> About this exercise
Pictures are to be left out. Return exactly the lines below from the one with "会上,许春冬副院长首先代表江" up to and including the one with "秘书之家—全网资源每日更新 www.mishuzj.com在市 2026".

> Data supplied
____________

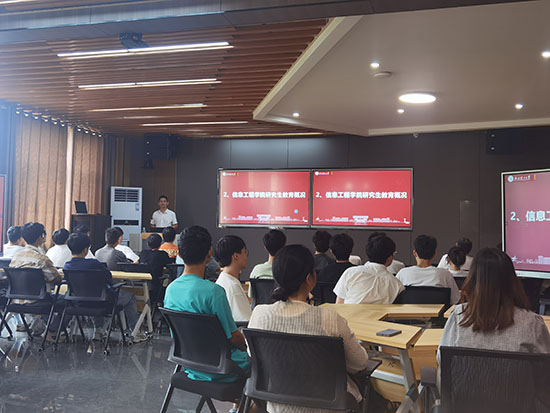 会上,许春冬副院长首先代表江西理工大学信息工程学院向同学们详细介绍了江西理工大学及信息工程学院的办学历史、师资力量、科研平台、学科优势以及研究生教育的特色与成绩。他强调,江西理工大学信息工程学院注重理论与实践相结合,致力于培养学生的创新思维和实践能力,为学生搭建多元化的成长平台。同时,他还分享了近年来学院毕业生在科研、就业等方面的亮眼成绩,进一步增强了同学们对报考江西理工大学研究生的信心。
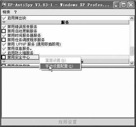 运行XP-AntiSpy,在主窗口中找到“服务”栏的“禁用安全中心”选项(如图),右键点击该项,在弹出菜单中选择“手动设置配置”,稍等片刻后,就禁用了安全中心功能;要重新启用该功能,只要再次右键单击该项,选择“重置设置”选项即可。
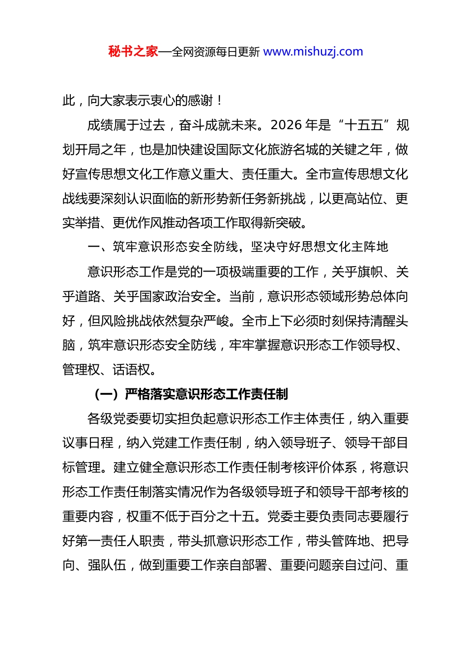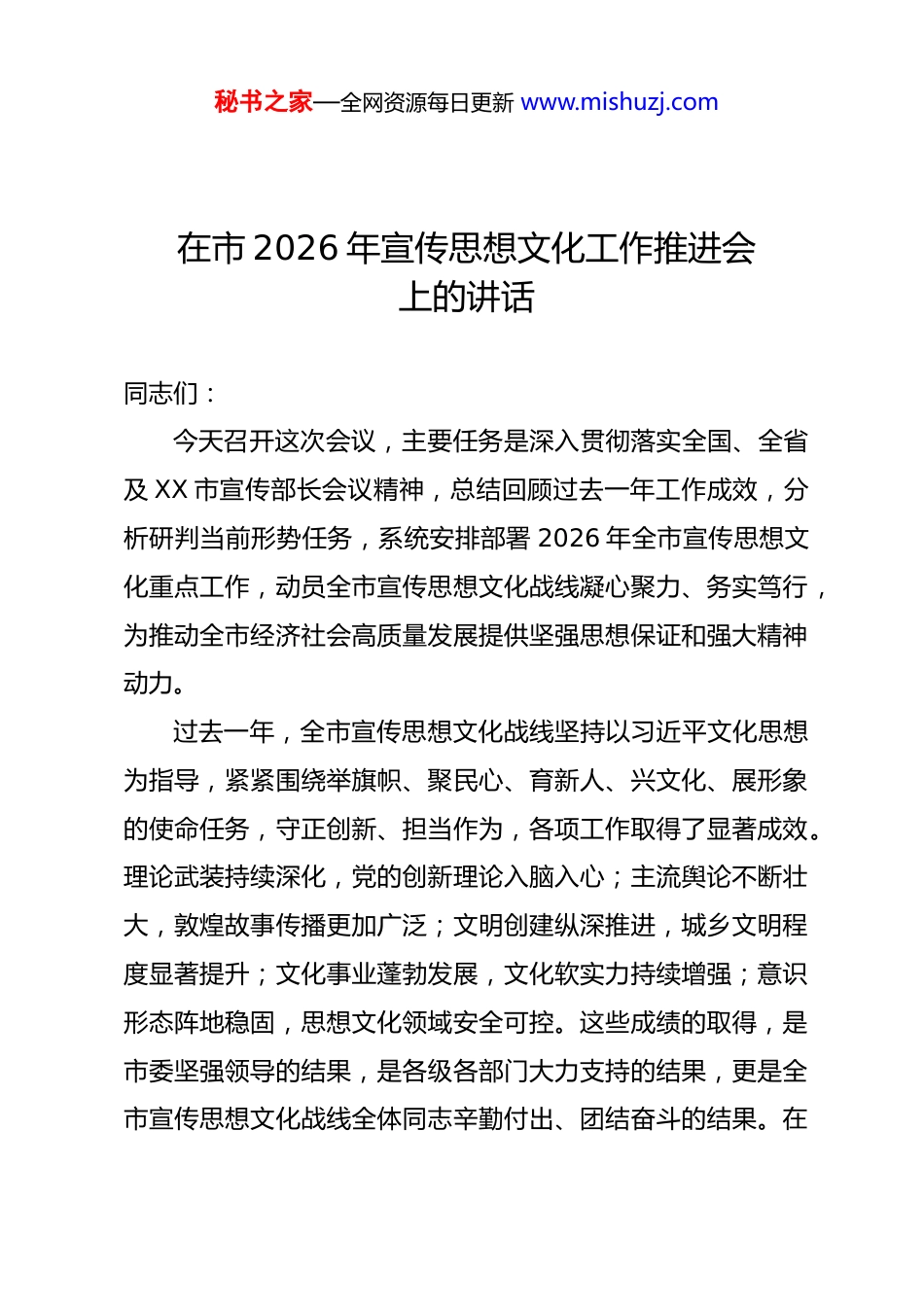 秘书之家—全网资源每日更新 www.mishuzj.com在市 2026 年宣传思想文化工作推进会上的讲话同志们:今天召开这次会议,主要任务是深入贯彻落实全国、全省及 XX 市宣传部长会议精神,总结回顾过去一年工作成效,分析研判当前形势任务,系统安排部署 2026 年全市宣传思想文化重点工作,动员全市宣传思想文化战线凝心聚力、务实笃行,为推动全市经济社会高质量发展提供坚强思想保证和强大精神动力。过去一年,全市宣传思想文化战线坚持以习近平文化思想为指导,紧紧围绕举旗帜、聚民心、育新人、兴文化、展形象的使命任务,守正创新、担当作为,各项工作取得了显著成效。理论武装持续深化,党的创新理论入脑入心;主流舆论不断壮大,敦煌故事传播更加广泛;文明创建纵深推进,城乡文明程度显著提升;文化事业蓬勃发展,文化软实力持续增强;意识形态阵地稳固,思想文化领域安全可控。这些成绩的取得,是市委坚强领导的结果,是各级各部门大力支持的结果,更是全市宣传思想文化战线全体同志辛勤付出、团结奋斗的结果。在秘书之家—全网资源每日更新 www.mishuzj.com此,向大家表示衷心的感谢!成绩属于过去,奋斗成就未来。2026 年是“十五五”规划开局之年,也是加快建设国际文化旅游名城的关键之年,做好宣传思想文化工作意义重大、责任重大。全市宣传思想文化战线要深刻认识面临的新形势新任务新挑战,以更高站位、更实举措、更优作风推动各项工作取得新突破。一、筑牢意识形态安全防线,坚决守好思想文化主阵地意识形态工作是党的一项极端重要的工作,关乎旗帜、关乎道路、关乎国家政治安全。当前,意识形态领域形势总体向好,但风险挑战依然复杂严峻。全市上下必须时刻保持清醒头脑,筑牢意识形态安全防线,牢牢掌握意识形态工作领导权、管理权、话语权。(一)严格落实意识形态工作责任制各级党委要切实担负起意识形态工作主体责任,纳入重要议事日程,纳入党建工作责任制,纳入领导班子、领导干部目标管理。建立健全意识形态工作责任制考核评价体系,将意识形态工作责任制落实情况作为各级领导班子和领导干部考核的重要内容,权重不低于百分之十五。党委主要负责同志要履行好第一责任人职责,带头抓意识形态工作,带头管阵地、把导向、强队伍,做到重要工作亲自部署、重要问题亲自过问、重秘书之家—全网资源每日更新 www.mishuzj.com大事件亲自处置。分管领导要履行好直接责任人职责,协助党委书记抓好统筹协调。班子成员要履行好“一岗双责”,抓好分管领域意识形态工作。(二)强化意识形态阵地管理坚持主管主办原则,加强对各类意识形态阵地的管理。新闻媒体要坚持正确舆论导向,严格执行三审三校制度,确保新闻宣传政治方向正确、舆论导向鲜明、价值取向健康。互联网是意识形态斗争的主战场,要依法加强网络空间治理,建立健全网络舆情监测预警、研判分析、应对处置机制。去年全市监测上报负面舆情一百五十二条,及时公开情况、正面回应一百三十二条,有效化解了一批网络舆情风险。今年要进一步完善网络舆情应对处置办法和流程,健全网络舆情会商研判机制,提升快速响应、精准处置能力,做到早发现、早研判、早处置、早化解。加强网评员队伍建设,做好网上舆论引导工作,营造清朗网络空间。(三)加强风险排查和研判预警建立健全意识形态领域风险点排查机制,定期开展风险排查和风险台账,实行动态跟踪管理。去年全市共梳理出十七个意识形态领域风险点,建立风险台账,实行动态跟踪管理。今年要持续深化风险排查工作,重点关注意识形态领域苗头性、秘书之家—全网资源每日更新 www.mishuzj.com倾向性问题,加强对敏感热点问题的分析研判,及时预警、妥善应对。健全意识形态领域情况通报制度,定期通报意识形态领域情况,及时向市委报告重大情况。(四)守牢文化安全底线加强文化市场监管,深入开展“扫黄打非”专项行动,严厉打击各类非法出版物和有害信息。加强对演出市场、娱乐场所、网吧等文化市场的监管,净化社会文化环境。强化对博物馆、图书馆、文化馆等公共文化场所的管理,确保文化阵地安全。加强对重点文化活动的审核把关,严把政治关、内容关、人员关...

____________

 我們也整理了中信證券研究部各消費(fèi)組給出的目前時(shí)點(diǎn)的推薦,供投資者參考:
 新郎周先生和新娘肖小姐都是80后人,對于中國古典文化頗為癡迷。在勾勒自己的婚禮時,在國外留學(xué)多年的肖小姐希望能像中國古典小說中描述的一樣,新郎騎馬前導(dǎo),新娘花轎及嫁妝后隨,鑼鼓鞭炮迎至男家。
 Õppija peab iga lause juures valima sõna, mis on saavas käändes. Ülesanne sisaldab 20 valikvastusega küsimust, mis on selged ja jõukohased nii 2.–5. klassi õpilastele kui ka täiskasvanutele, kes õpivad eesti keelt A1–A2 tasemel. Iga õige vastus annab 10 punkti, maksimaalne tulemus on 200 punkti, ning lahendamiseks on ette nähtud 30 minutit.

____________

> Result for this task
 会上,许春冬副院长首先代表江西理工大学信息工程学院向同学们详细介绍了江西理工大学及信息工程学院的办学历史、师资力量、科研平台、学科优势以及研究生教育的特色与成绩。他强调,江西理工大学信息工程学院注重理论与实践相结合,致力于培养学生的创新思维和实践能力,为学生搭建多元化的成长平台。同时,他还分享了近年来学院毕业生在科研、就业等方面的亮眼成绩,进一步增强了同学们对报考江西理工大学研究生的信心。
 运行XP-AntiSpy,在主窗口中找到“服务”栏的“禁用安全中心”选项(如图),右键点击该项,在弹出菜单中选择“手动设置配置”,稍等片刻后,就禁用了安全中心功能;要重新启用该功能,只要再次右键单击该项,选择“重置设置”选项即可。
 秘书之家—全网资源每日更新 www.mishuzj.com在市 2026 年宣传思想文化工作推进会上的讲话同志们:今天召开这次会议,主要任务是深入贯彻落实全国、全省及 XX 市宣传部长会议精神,总结回顾过去一年工作成效,分析研判当前形势任务,系统安排部署 2026 年全市宣传思想文化重点工作,动员全市宣传思想文化战线凝心聚力、务实笃行,为推动全市经济社会高质量发展提供坚强思想保证和强大精神动力。过去一年,全市宣传思想文化战线坚持以习近平文化思想为指导,紧紧围绕举旗帜、聚民心、育新人、兴文化、展形象的使命任务,守正创新、担当作为,各项工作取得了显著成效。理论武装持续深化,党的创新理论入脑入心;主流舆论不断壮大,敦煌故事传播更加广泛;文明创建纵深推进,城乡文明程度显著提升;文化事业蓬勃发展,文化软实力持续增强;意识形态阵地稳固,思想文化领域安全可控。这些成绩的取得,是市委坚强领导的结果,是各级各部门大力支持的结果,更是全市宣传思想文化战线全体同志辛勤付出、团结奋斗的结果。在秘书之家—全网资源每日更新 www.mishuzj.com此,向大家表示衷心的感谢!成绩属于过去,奋斗成就未来。2026 年是“十五五”规划开局之年,也是加快建设国际文化旅游名城的关键之年,做好宣传思想文化工作意义重大、责任重大。全市宣传思想文化战线要深刻认识面临的新形势新任务新挑战,以更高站位、更实举措、更优作风推动各项工作取得新突破。一、筑牢意识形态安全防线,坚决守好思想文化主阵地意识形态工作是党的一项极端重要的工作,关乎旗帜、关乎道路、关乎国家政治安全。当前,意识形态领域形势总体向好,但风险挑战依然复杂严峻。全市上下必须时刻保持清醒头脑,筑牢意识形态安全防线,牢牢掌握意识形态工作领导权、管理权、话语权。(一)严格落实意识形态工作责任制各级党委要切实担负起意识形态工作主体责任,纳入重要议事日程,纳入党建工作责任制,纳入领导班子、领导干部目标管理。建立健全意识形态工作责任制考核评价体系,将意识形态工作责任制落实情况作为各级领导班子和领导干部考核的重要内容,权重不低于百分之十五。党委主要负责同志要履行好第一责任人职责,带头抓意识形态工作,带头管阵地、把导向、强队伍,做到重要工作亲自部署、重要问题亲自过问、重秘书之家—全网资源每日更新 www.mishuzj.com大事件亲自处置。分管领导要履行好直接责任人职责,协助党委书记抓好统筹协调。班子成员要履行好“一岗双责”,抓好分管领域意识形态工作。(二)强化意识形态阵地管理坚持主管主办原则,加强对各类意识形态阵地的管理。新闻媒体要坚持正确舆论导向,严格执行三审三校制度,确保新闻宣传政治方向正确、舆论导向鲜明、价值取向健康。互联网是意识形态斗争的主战场,要依法加强网络空间治理,建立健全网络舆情监测预警、研判分析、应对处置机制。去年全市监测上报负面舆情一百五十二条,及时公开情况、正面回应一百三十二条,有效化解了一批网络舆情风险。今年要进一步完善网络舆情应对处置办法和流程,健全网络舆情会商研判机制,提升快速响应、精准处置能力,做到早发现、早研判、早处置、早化解。加强网评员队伍建设,做好网上舆论引导工作,营造清朗网络空间。(三)加强风险排查和研判预警建立健全意识形态领域风险点排查机制,定期开展风险排查和风险台账,实行动态跟踪管理。去年全市共梳理出十七个意识形态领域风险点,建立风险台账,实行动态跟踪管理。今年要持续深化风险排查工作,重点关注意识形态领域苗头性、秘书之家—全网资源每日更新 www.mishuzj.com倾向性问题,加强对敏感热点问题的分析研判,及时预警、妥善应对。健全意识形态领域情况通报制度,定期通报意识形态领域情况,及时向市委报告重大情况。(四)守牢文化安全底线加强文化市场监管,深入开展“扫黄打非”专项行动,严厉打击各类非法出版物和有害信息。加强对演出市场、娱乐场所、网吧等文化市场的监管,净化社会文化环境。强化对博物馆、图书馆、文化馆等公共文化场所的管理,确保文化阵地安全。加强对重点文化活动的审核把关,严把政治关、内容关、人员关...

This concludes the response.